P.S. I am using a custom version of Textadept, so to upgrade to newest changes I need to understand them and patch my code version with them. I mean that I had branched away at version 10 ... but ... except enabling keypress and key release for all keys my version is still almost identical with this of Textadept.

orbitalquark commented 7 months ago

Textadept backtracks from the current position to the beginning of a given "style" in order to start matching a lexer's grammar. In your case, when you have a string spanning hundreds of lines, Textadept needs to backtrack over each character until the string start, match the string and subsequent text, and then highlight it. This will take more time than static lexers like those used by SciTE because they backtrack to the beginning of the line only before matching and highlighting.

I've experienced this with Textadept's own lexers/lexer.lua when editing the 650+ module documentation block when it was a lexed as a single block. (It has since been split into single-line comments, resulting in better performance.)

Unfortunately, I don't know of a solution, other than to split up lexical entities, if possible, in the source file.

oOosys commented 7 months ago

Does it mean that the lexer cares about parts of the document which are past the viewed part at each keystroke instead of skipping them from consideration because irrelevant?

I am currently on the path to approaching programming the oOo-way and are making some progress. From point of view of oOo concept splitting strings into smaller parts is not an option. The oOo-way makes excessive use of multi-line comments and of mixing code and comments which are executable parameters in disguise. I will need earlier or later an own parser which will make things simple without the need of backtracking or other techniques due to weird design of a programming language syntax ... anyway I need to decide which path I would like to go - stick with Textadept or go back to SciTE? The C-code of Lexilla lexers looks good to me ... somehow even better than building upon a lexer library in Lua ... Another way is to apply highlighting only to some part of the text around the viewed window not caring much about the correctness, which would be in most cases ok, and if not ... it does not really matter much as the oOo way will probably not really need any highlighting in the sense of a syntax of a programming language.
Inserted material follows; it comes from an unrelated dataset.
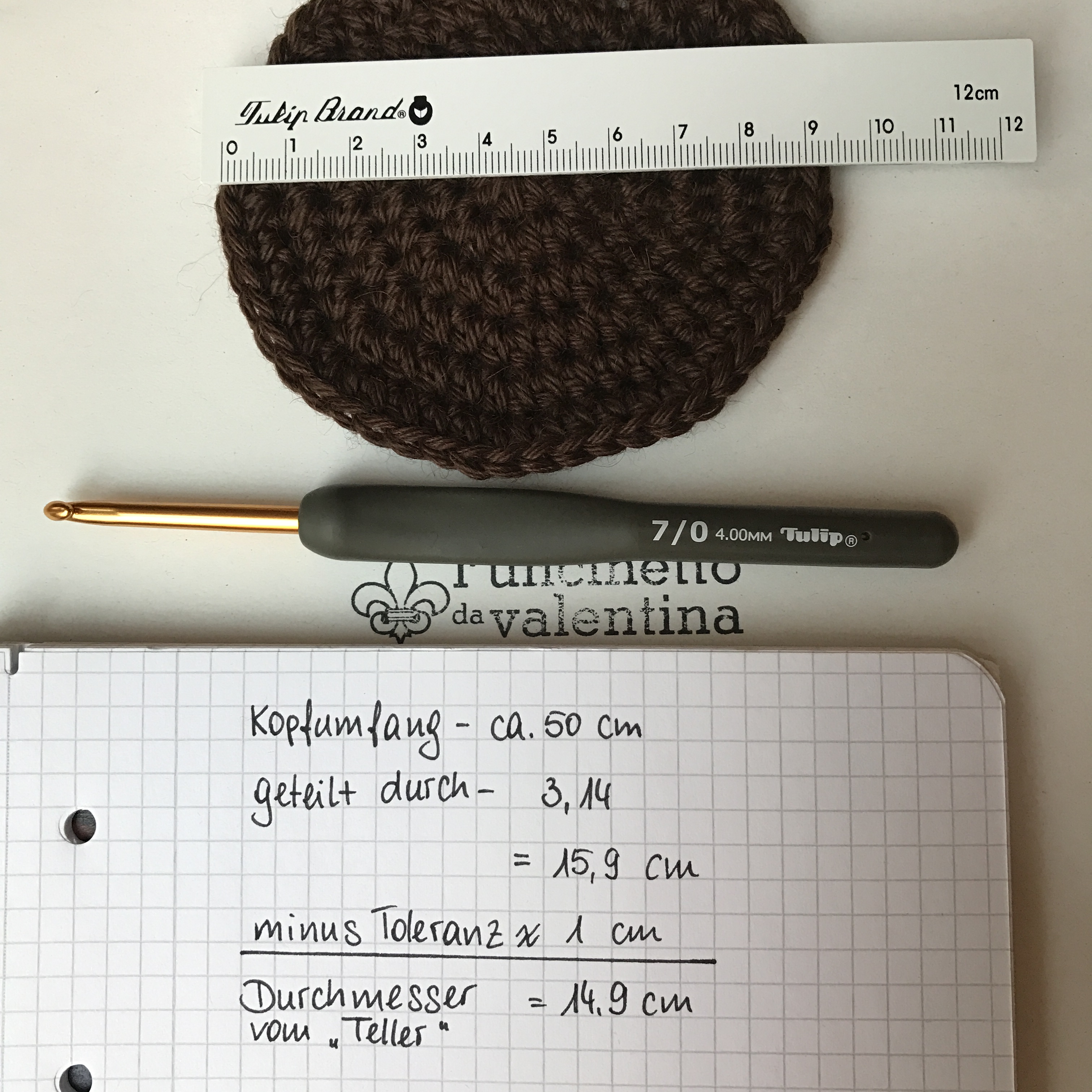 4. das Ergebnis ist nun der benötigte Durchmesser des Mützentellers

orbitalquark commented 7 months ago

Textadept syntax highlights the remainder of the buffer that is out of view in "idle time" by default. You can disable/change this via the view.idle_styling option (https://orbitalquark.github.io/textadept/api.html#view.idle_styling).
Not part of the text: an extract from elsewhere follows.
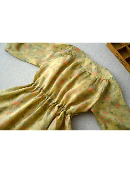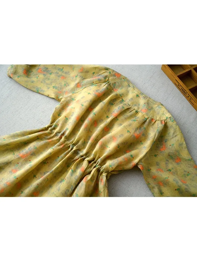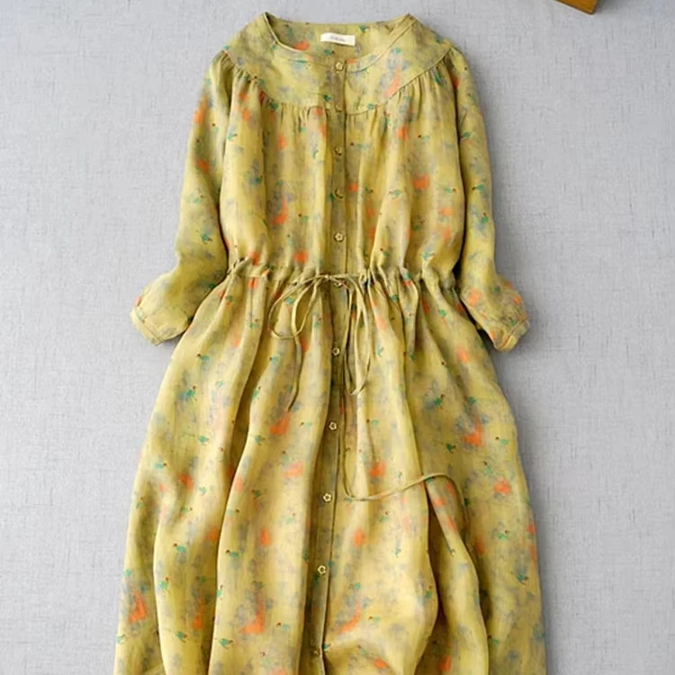 Product Name: Vintage O-Neck Half Sleeve Women Shirt Dresses 2025 New Lace Up Patchwork Single-Breasted Midi Dress Floral Sundress

If you do turn it off, you may see lags while rapidly scrolling through a buffer (or scrolling immediately to the end of a long buffer).

oOosys commented 7 months ago

"""view.idle_styling -> The idle styling mode. This mode has no effect when view.wrap_mode is on.""" -> what is mostly the case if I am working on a text. Any other idea what to switch off?

orbitalquark commented 7 months ago

No, I don't think Scintilla provides another option. If you turn off word wrap, do you still notice a slowdown? Scintilla's line layout routines for word wrapping can be noticeably slower than without word wrap. The lexer may not be to blame here.

oOosys commented 7 months ago

After adding this to init.lua:

--                          SPEEDING·UP·SLOW·LEXING 
view.idle_styling = view.IDLESTYLING_NONE
The idle styling mode. This mode has no effect when view.wrap_mode is on.
    view.IDLESTYLING_NONE Style all the currently visible text before displaying it.
    view.IDLESTYLING_TOVISIBLE Style some text before displaying it and then style the rest incrementally in the background as an idle-time task.
    view.IDLESTYLING_AFTERVISIBLE Style text after the currently visible portion in the background.
    view.IDLESTYLING_ALL Style text both before and after the visible text in the background.
    The default value is view.IDLESTYLING_ALL.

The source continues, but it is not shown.